When I’m not feeling well, wondering what medication I could take next to help myself feel better can become an obsessive thought. This type of tinkering with my physical and mental well-being was a daily focus for me when I was in active addiction. I would constantly be thinking about the next thing I could do to escape my feelings, both physical and emotional. When I’m ill, it’s easy for me to fall back into a mindset of what I can take and when I can take it.
To avoid this, I try to take medications as recommended by my clinician or, if they’re over-the-counter, as suggested on the instructions. If I’m still not feeling well, I will try to find other things I can do to help me feel better without focusing on more medication. If I have a sore throat, I will try to drink hot water with honey. If I have a stomachache, I will try to use a heating pad or eat some crackers.
3. Rely on support—from loved ones and professionals.
When I was drinking and using, I tended to shy away from reaching out to friends, family, or medical professionals for help. I had gotten myself into the mess I was in, and I was ashamed and fearful about letting anyone know how bad I was doing. In recovery, I’ve gotten much better about reaching out for help. If you’re feeling poorly, see if a friend or family member can drop off a care package for you. If you’re worried you feel so poorly that you might drink or use in order to feel better, see if a peer can stay on the phone with you for a little while.
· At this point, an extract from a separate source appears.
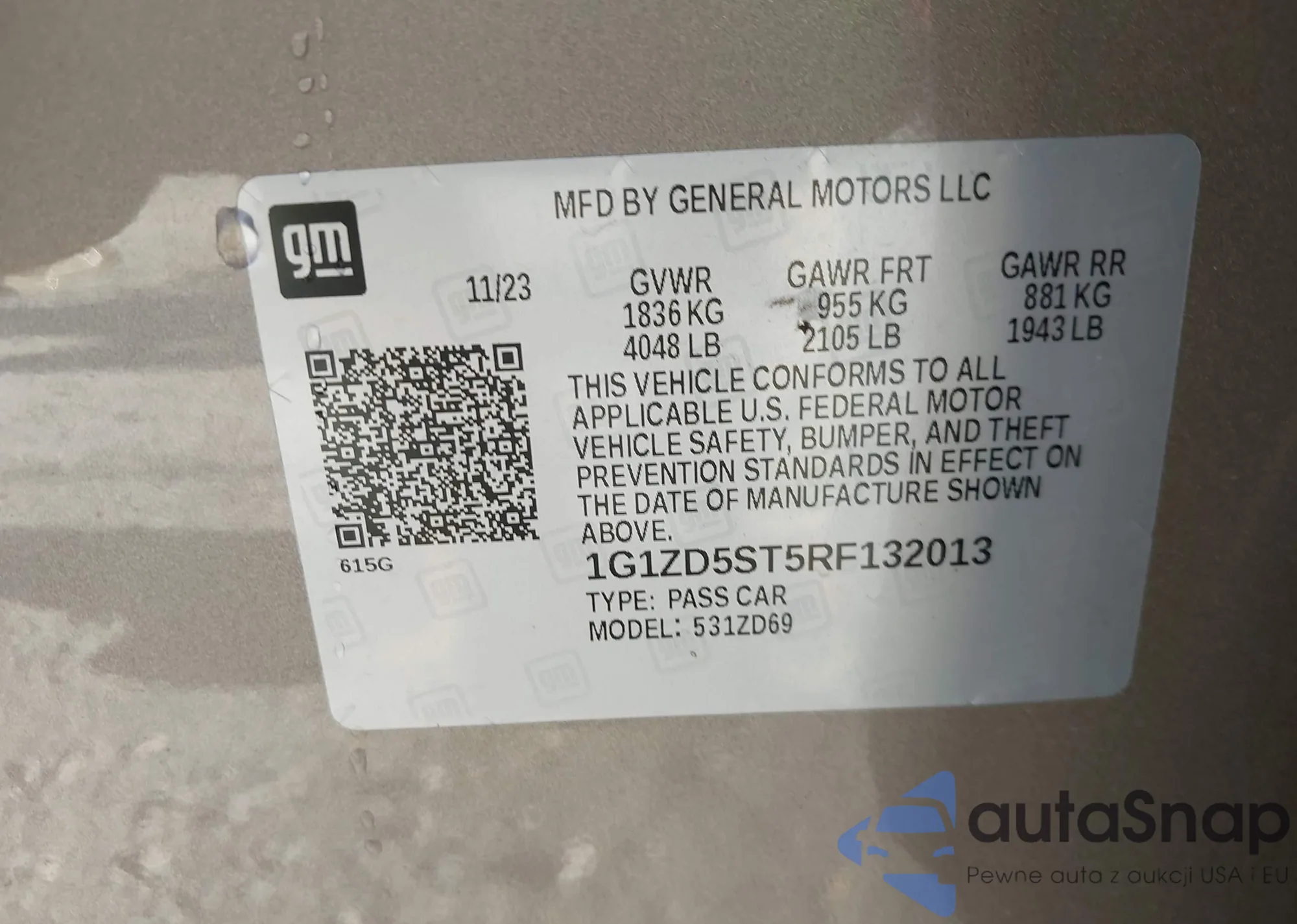 • VIN: 1G1ZD5ST5RF132013

You don’t have to talk, but just being connected can help.
If you’re feeling very badly, you can reach out to a doctor, go to an urgent care or emergency room, or call 911. It was really challenging for me to understand in recovery what types of sickness were normal, and what were signs of something serious. The Mayo Clinic suggests not ignoring these seven signs of sickness:
- Unexplained weight loss
- Persistent or high fever
- Shortness of breath
- Unexplained changes in bowel habits
- Confusion or personality changes
- Feeling full after eating very little
- Flashes of light
If you’re not sure if you need medical attention or not, call your doctor via phone and see what they recommend. Often people who are drinking or using drugs avoid medical attention to evade the judgment of healthcare professionals. But you deserve support for any type of healthcare issue you may be having.
4. Distract yourself.
When you’re not feeling well, time can feel like it’s crawling. Especially if you’re accustomed to a day full of work or caring for children or other family members, downtime from sickness can feel strange and unmoored. Try to find relaxing activities that help take up time as you rest and feel better. Catch up on a TV show, rewatch some of your favorite movies, pick up a book that has been gathering dust on your shelf, or listen to a podcast or audiobook with your eyes closed. If you feel up to it, play a game on your phone or join a virtual support meeting.
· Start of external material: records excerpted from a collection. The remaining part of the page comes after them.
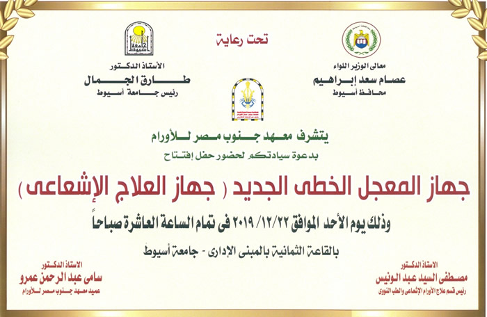 أعلن الدكتور طارق الجمال رئيس جامعة أسيوط عن انطلاق فعاليات الاحتفال بافتتاح جهاز المعجل الخطى الجديد (جهاز العلاج الإشعاعي) والذي يعد أحدث أجهزة العلاج الإشعاعي على مستوى العالم ، وذلك غداً الأحد الموافق 22 من ديسمبر الجاري في الـعاشرة صباحاً بالقاعة الثمانية بالمبنى الإداري ، والذي من المقرر أن يشهد حفل الافتتاح حضور اللواء عصام سعد إبراهيم محافظ أسيوط .
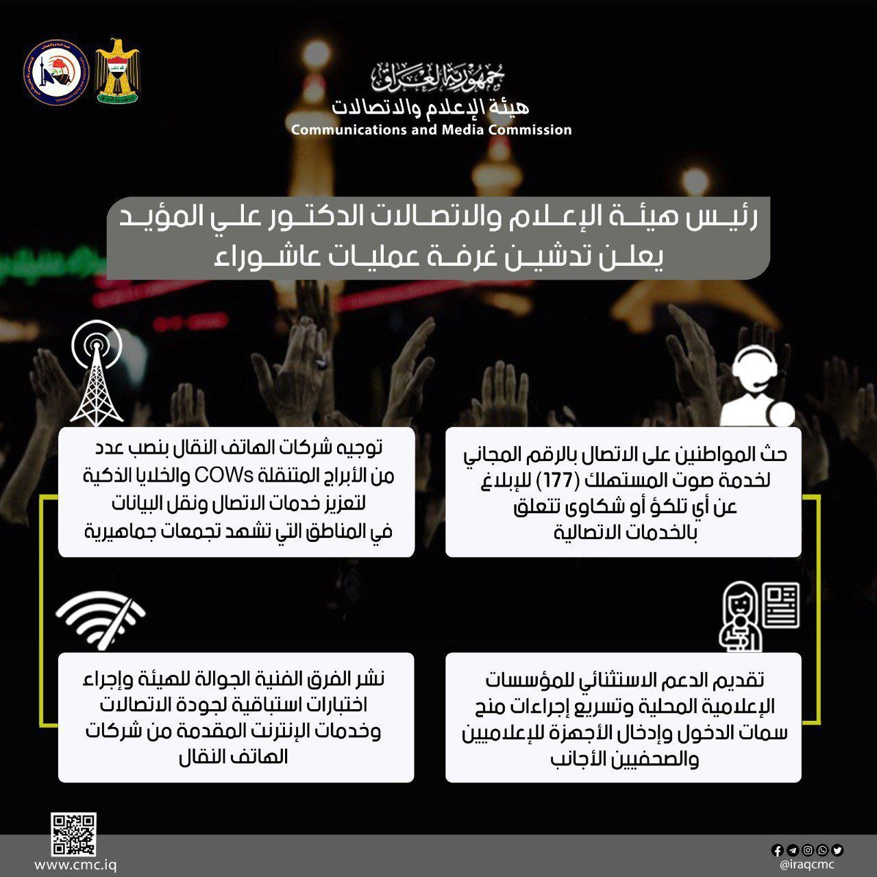 هيئة الإعلام تعلن تدشين غرفة عمليات عاشوراء ونشر عشرات الأبراج والخلايا الذكية
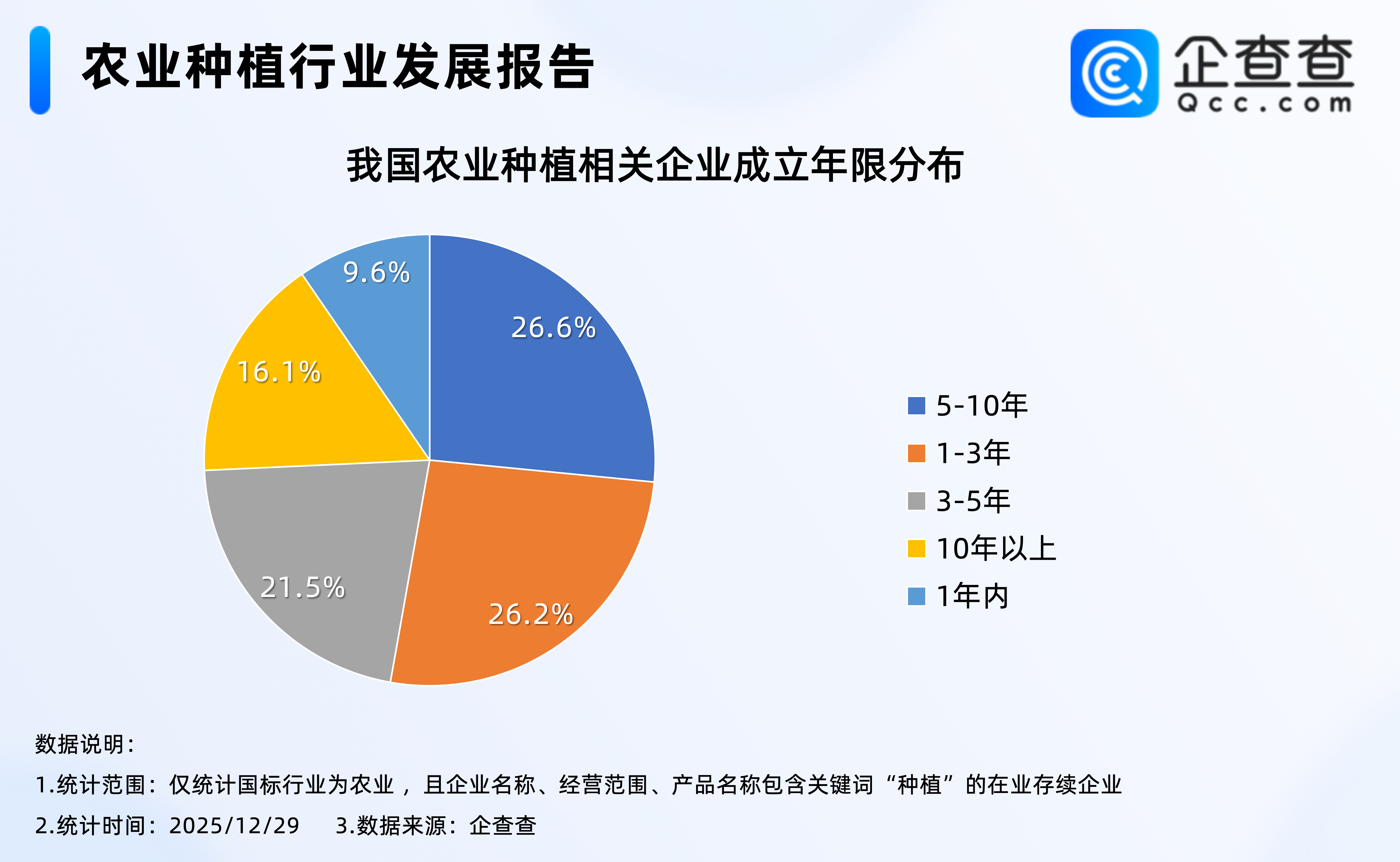 企查查数据显示,2025年以来,我国已注册54万家农业种植相关企业,区域分布上,位于华东地区的相关企业最多,占比22.0%;截至12月29日,我国现存551.9万家农业种植相关企业,其中成立5至10年之间的企业最多,占比26.6%。
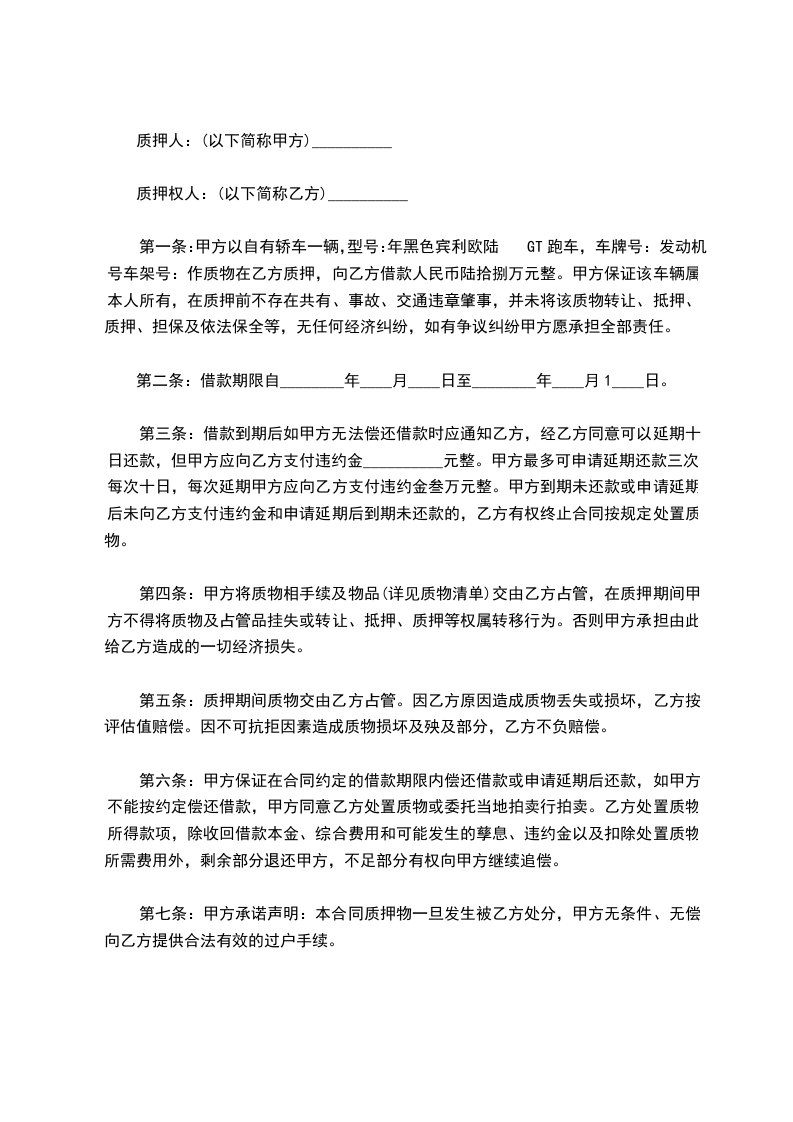 第一条:甲方以自有轿车一辆,型号:年黑色宾利欧陆GT跑车,车牌号:发动机号车架号:作质物在乙方质押,向乙方借款人民币陆拾捌万元整。甲方保证该车辆属本人所有,在质押前不存在共有、事故、交通违章肇事,并未将该质物转让、抵押、质押、担保及依法保全等,无任何经济纠纷,如有争议纠纷甲方愿承担全部责任。
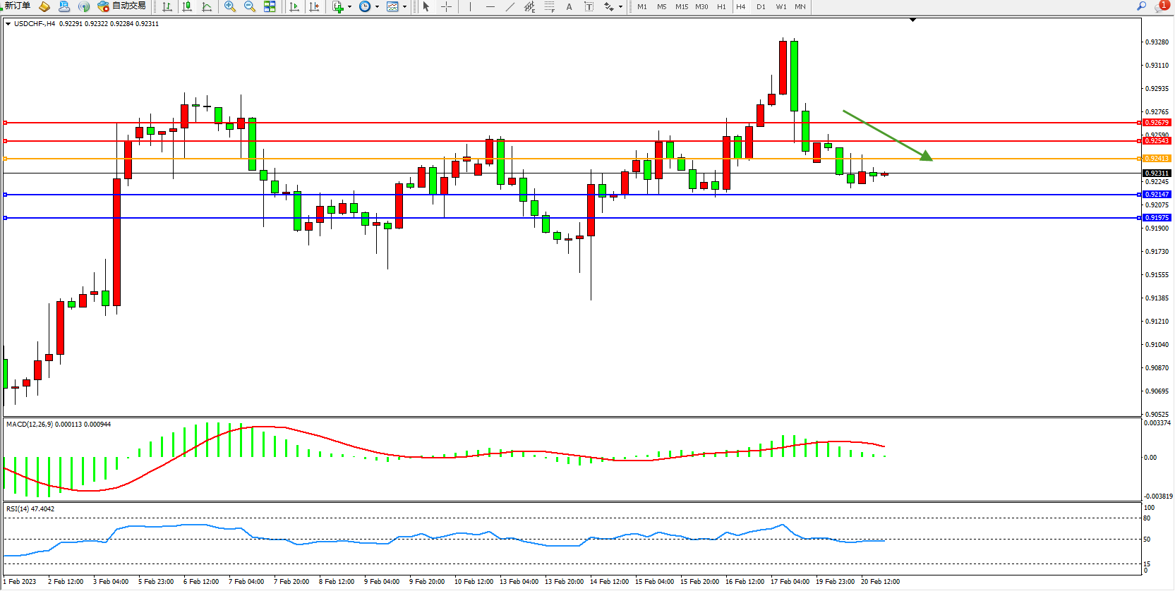 交易策略:0.92413下方看跌,目标0.92147、0.91975

Just like you’re distracting your mind with entertainment, you can distract your body with soothing physical sensations. If you feel warm or feverish, use an ice pack (or frozen veggies) on your forehead, chest, or neck. If you feel cold or achy, use a heating pad, or take a hot bath or shower. Give yourself a gentle foot or hand massage with lotion, or brew some soothing tea, like chamomile or spearmint.
Feeling sick is a part of life, just like so many of its other ups and downs. Caring for ourselves is a skill that grows in sobriety and gets easier and more intuitive with time. Being able to listen to your body takes practice, and being able to nurture yourself in healthy and productive ways when you’re under the weather is challenging but possible.